Paris attacks: French seek to identify raid bodies
French experts are working to establish whether the suspected ringleader of the Paris attacks was among those killed in a police raid on a flat on Wednesday.
Police said Abdelhamid Abaaoud was the target when officers stormed the flat in the Paris suburb of Saint Denis.
The Paris prosecutor said neither he nor suspect Salah Abdeslam were among eight people arrested, but at least two bodies had still to be identified.
Meanwhile, French MPs are due to vote on extending a state of emergency.
Militant group Islamic State (IS), which controls parts of Syria and Iraq, has said it was behind the attacks last Friday, when gunmen and suicide bombers killed 129 people and injured hundreds.
The Washington Post quoted unnamed European officials as saying Abaaoud, 27, had been killed on Wednesday when heavily armed police stormed the building in the suburb of Saint Denis.
However, Paris prosecutor Francois Molins had earlier said he could not give "a precise and definitive number for the people who died, nor their identities, but there are at least two dead people".
One of the dead was a woman believed to have detonated a suicide belt as police moved in.

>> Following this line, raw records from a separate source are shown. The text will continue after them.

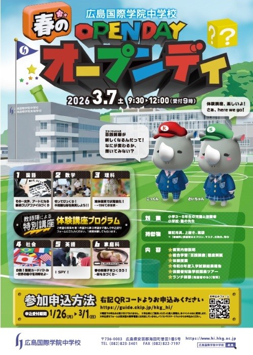 【学校情報】春のOPEN DAY(広島国際学院中学校)
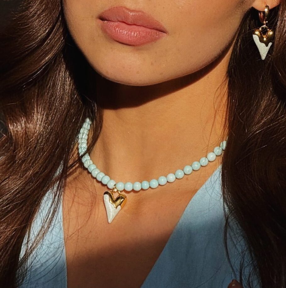 Кольє з блакитного халцедону, завершене рожевим серцем – ніжне поєднання кольорів і форм, яке випромінює гармонію, жіночність і тепло.
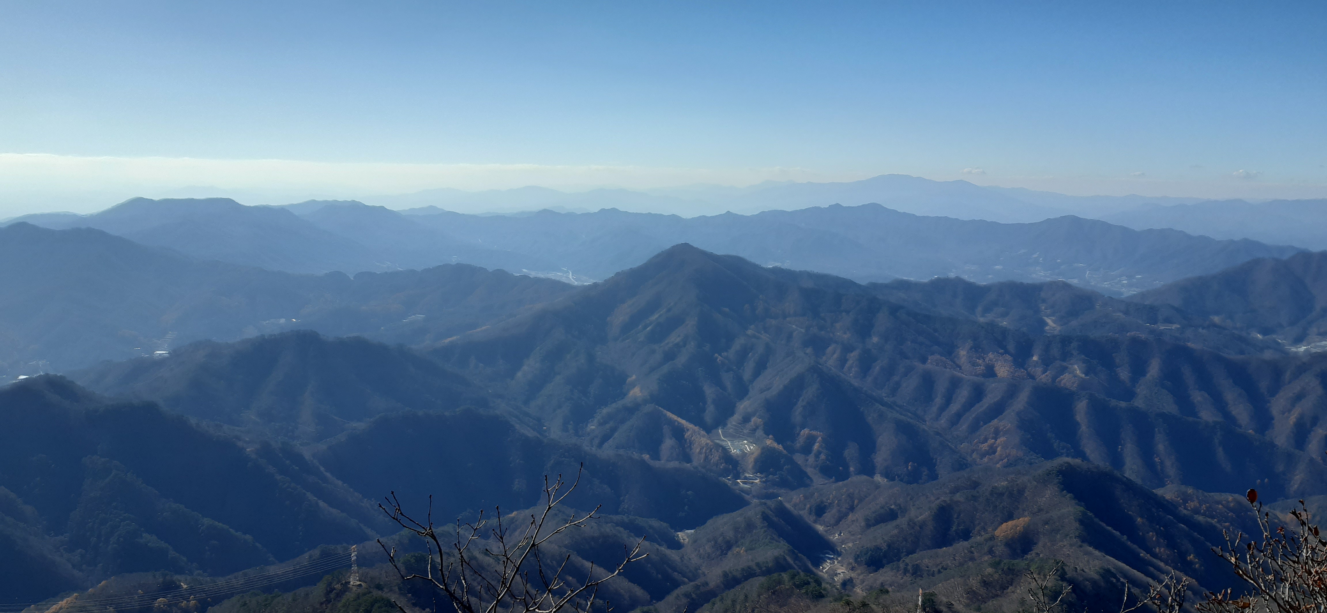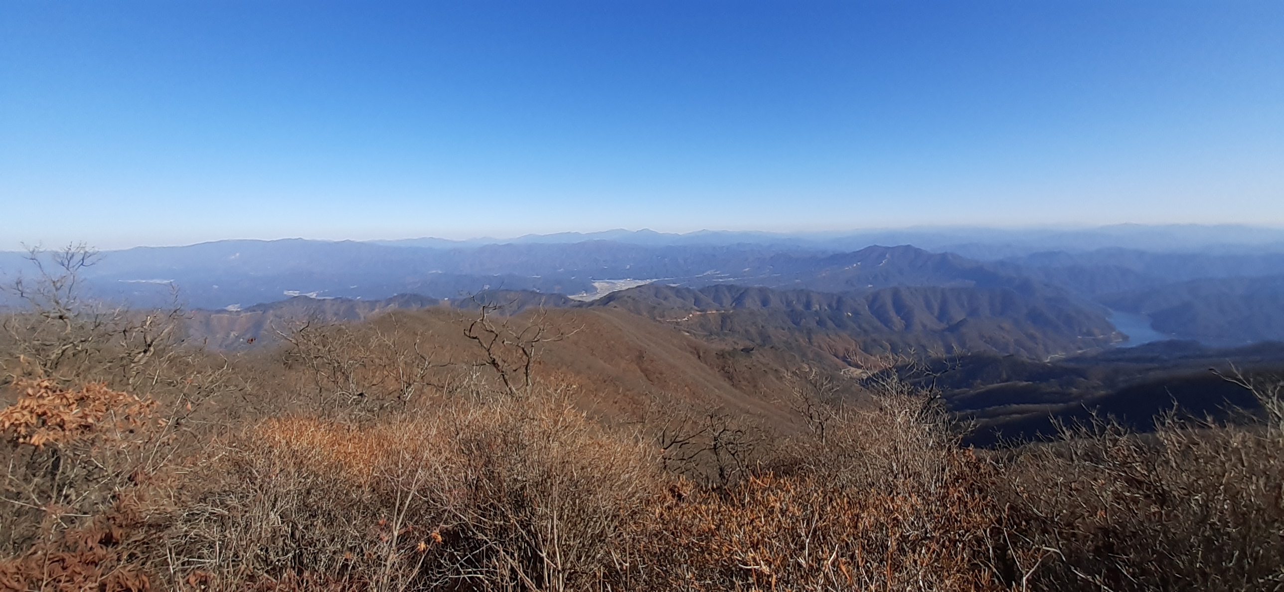 ▼ 멀리 하늘금이 가리봉인데 잡목과 너무 흐릿해서 잘 구분이 안된다. 우측으로 가리산
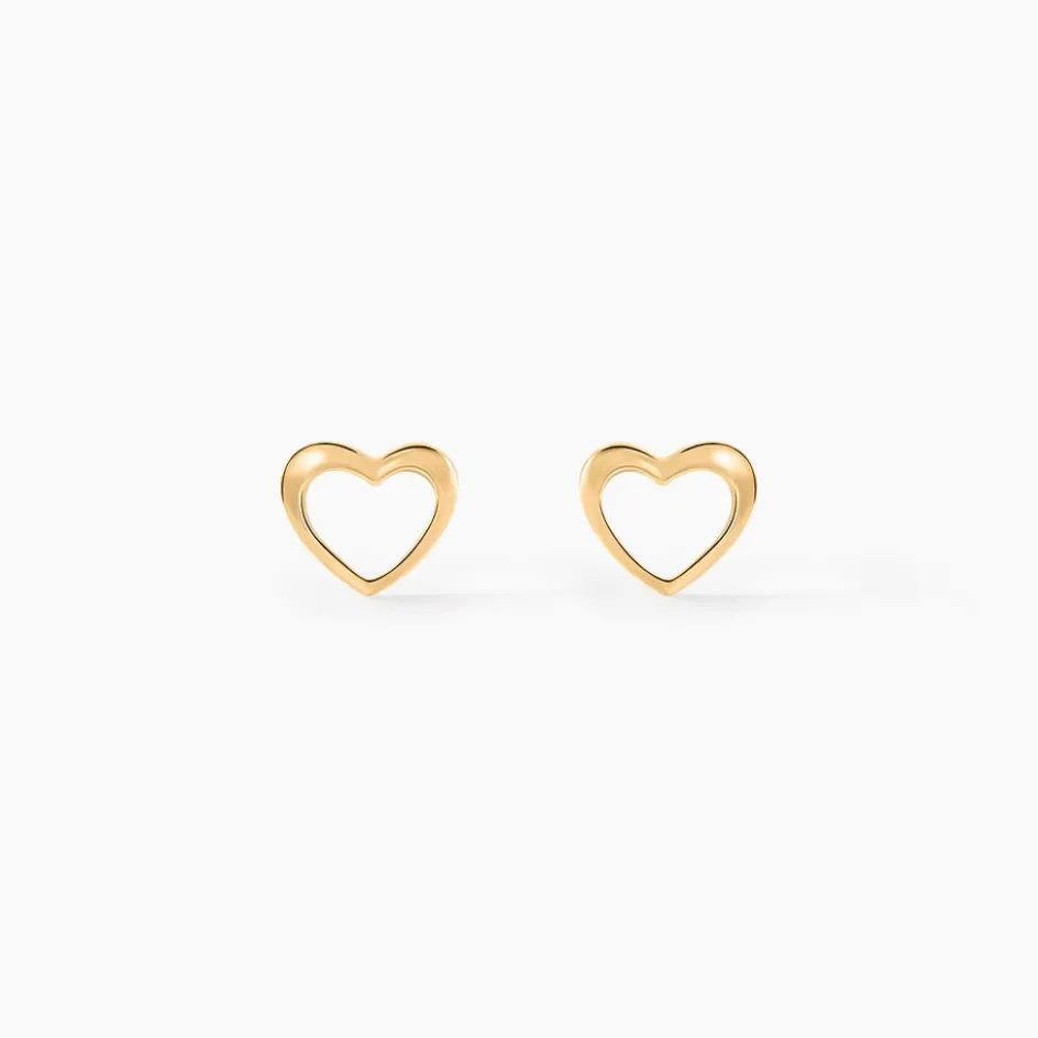 Boucles D’oreilles Or Jaune 375/1000 Puces C艙urs Ajoures
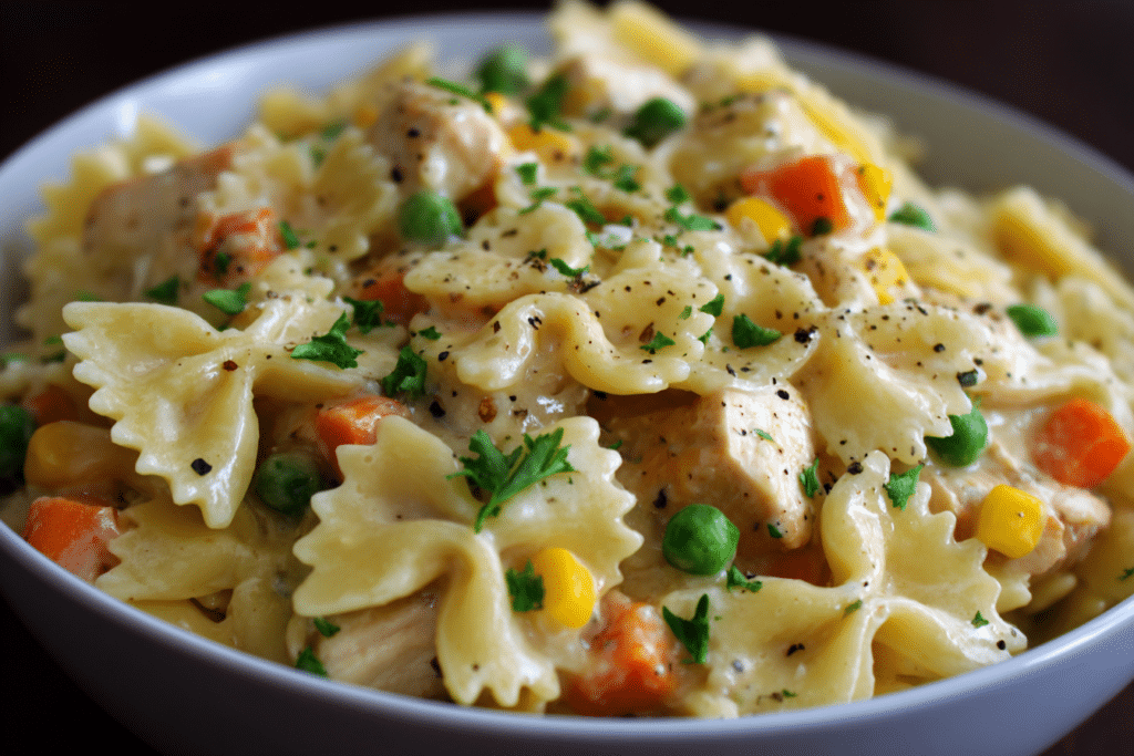 Chicken Pot Pie Pasta brings the nostalgic comfort of a classic chicken pot pie into a creamy, one-pot pasta dish. Imagine the rich, velvety filling of your favorite pot pie …
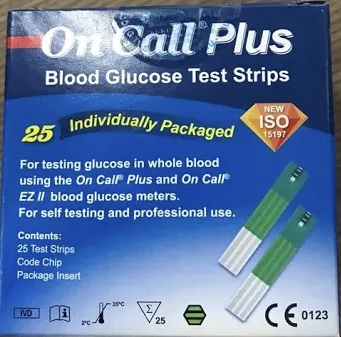 Que Thử Đường Huyết OnCall Plus dùng cho 2 dòng máy là Oncall Plus và Oncall EZII. Quy cách : 25 que / hộp và 50 que/ hộp( hộp 2 lọ mỗi lọ 25 que) Bảo quản : nhiệt độ từ 2 - 30°C. Tránh ánh nắng mặt trời. Nhà sản xuất : Acon Laboratories., USA
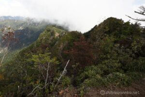 皇海山の写真がないまま登山を終えるのがもったいないので、皇海山を見るためにhisapinと隣の鋸山に向かいます。
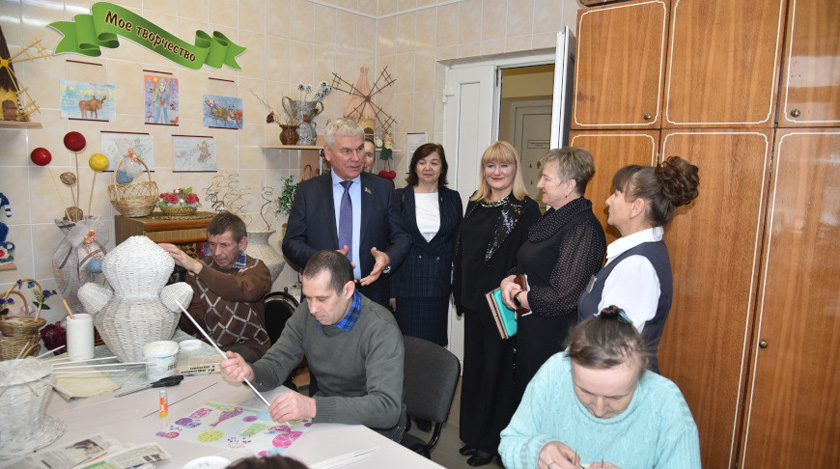 Председатель Палаты представителей поздравил коллектив дома-интерната и проживающих в нем людей с рождественскими и новогодними праздниками, поинтересовался, что их заботит. Он также ознакомился с созданными в учреждении условиями, выставкой изделий, созданных проживающими в доме-интернате и посетителями районного территориального центра соцобслуживания населения. Волнующие вопросы людей серебряного возраста участники встречи обсудили за круглым столом «Поделись теплом своей души».
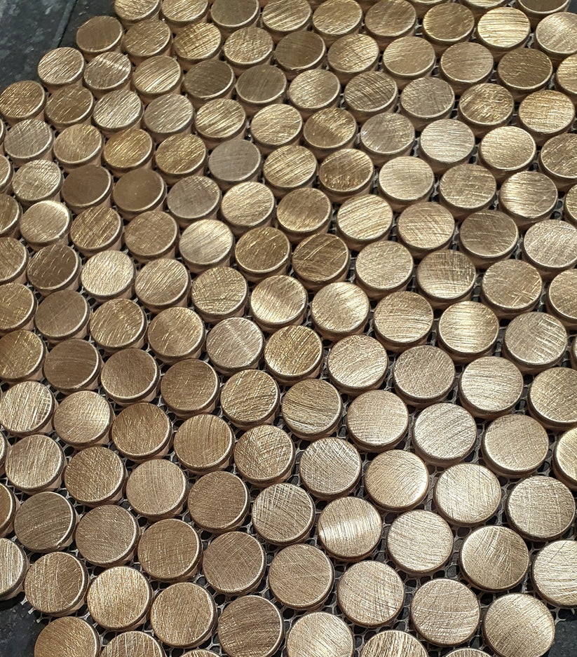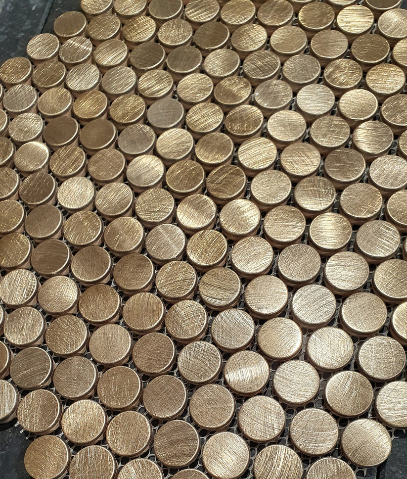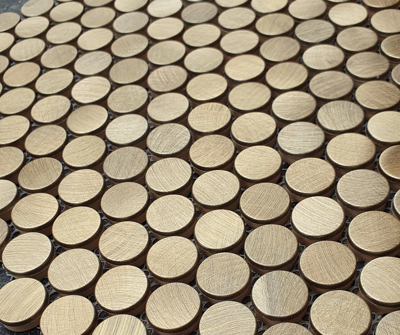 Maak een stijlvol statement in uw keuken, badkamer of woonruimte met onze gouden mozaïektegelmatten. Deze exclusieve serie, uitgevoerd op matten van 30x30x8 mm en vervaardigd uit goudkleurig aluminium, brengt direct een luxe uitstraling in huis. Perfect te combineren met diverse tegelsoorten en ideaal voor accenten in keukens, badkamers en bars. De hexagonale en ronde vormen zorgen voor een prachtige glans in elk licht, dankzij de subtiele mix van goud- en zilverkleurig aluminium.

A source close to the investigation said she could have been a cousin of Abaaoud, Reuters reported.
Mr Molins said it appeared that a "new team of terrorists" had been ready for a fresh attack.
A leader of one of the special forces units that took part in the raid said drones and robots equipped with cameras had been used to try to see inside the flat during the operation but there was too much debris. A police dog was shot dead by the militants during the operation.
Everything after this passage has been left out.